Table 1 Comparison between the overall accuracy of the proposed method and the other existing methods

Figure 8 presents the classification results in confusion matrix for the proposed method and the method presented in [3] as the leading method. As you can see, the proposed method is more accurate than the method in [3] for five out of eight directions. These results indicate that our method outperforms the other methods in terms of classification accuracy.

Fig. 8
figure 8

The confusion matrix for the proposed method and Extremely Randomized Tree with MoAWG [3]

4.2.2 Time complexity

In this subsection we count the number of required operations (multiplication, accumilation, camparison, indexing) to estimate the time complexity in the methods under comparison.

  • Logistic Regression

    According to (2) the inner product of β and x requires ∥β0 Footnote 1 multiplications and ∥β0 accumulation operations. Also, for every multiplication and accumulation operations we need two indexing operations for the elements of β and x. We group together one multiplication, one accumulation and two indexing operations, and call the group MA2I computing unit.

  • Decision Tree

    In a binary decision tree the classification label is determined in the leaf nodes. To traverse a binary tree, three operators are used: two comparison operators (comparing with the key value to check if a node is a leaf node or not), one indexing operator (continue to the left or right child). We call this sets of operations as I2C unit.

  • SVM

    Computational complexity of SVM in testing phase is related to the number of produced support vectors in the learning phase. Equation (6) shows the kernel-SVM decision boundary equation for a binary classification problem:

    $$ \hat{y}=\text{sgn}\left( \sum\limits_{i=1}^{n}w_{i}y_{i}k(x_{i},x^{\prime})\right) , $$
    (6)

    where \(x^{\prime }\in R^{n}\) is a test sample, x i R n is the ith training sample, y i ∈ {−1, +1} is output for the ith training sample and w i is the weight of the ith training sample. In our research the kernel function is considered as \(tansig(x_{i}.x^{\prime })=\frac {2}{1+e^{-2(x_{i}.x^{\prime })}}-1\). In this equation training samples corresponding to support vectors have a non-zero w i . Therefor we have an inner product between input sample and all support vectors. Each inner product has n number of MA2I computing units.

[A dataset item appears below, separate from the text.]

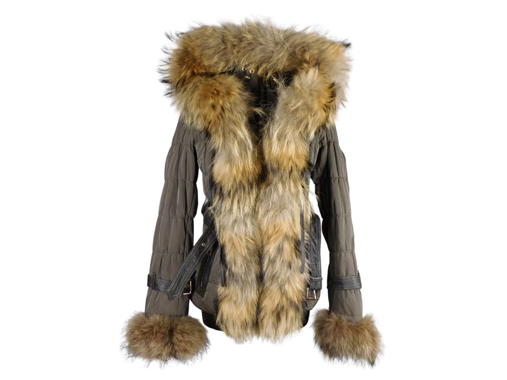 Dámská hnědá prošívaná bunda s pravou kožešinou GIORGIO &MARIO (VERA PELLE) S*

In order to compare the MA2I and I2C units, we execute these two sets of instructions in a C# language loop control for billions of times. Our results show that O(I2C) = 1.23 × O(MA2I). Therefore, time complexity of MA2I unit is less than I2C. Table 2 provides the computational complexity comparison of the proposed method with the other methods. Accordingly, the proposed method has less computational complexity than the extremely randomized tree method. In addition, the proposed method has the ability to full parallelization. In terms of space complexity, the proposed method needs to store only nonzero elements of vectors β (in our experiment there are 1200 floating numbers) and therefore it has significantly outperformed the other methods.

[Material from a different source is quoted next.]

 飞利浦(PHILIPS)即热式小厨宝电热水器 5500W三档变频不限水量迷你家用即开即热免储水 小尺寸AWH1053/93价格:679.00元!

Table 2 The computational complexity comparison between our proposed method and other methods

5 Conclusions

In this paper we proposed a novel approach to estimate the body orientation. We combined the results of four classifiers corresponding to the four regions of interest. We used the HOG descriptor as a feature to represent each region. HOG computation is performed only once for a person in this approach. In addition, we used logistic regression as a classifier, which is very simple and efficient. We also proposed a weighting scheme on classifiers outputs to increase the classification accuracy. The experimental results showed that the proposed method outperforms the other methods in terms of classification accuracy and computational complexity.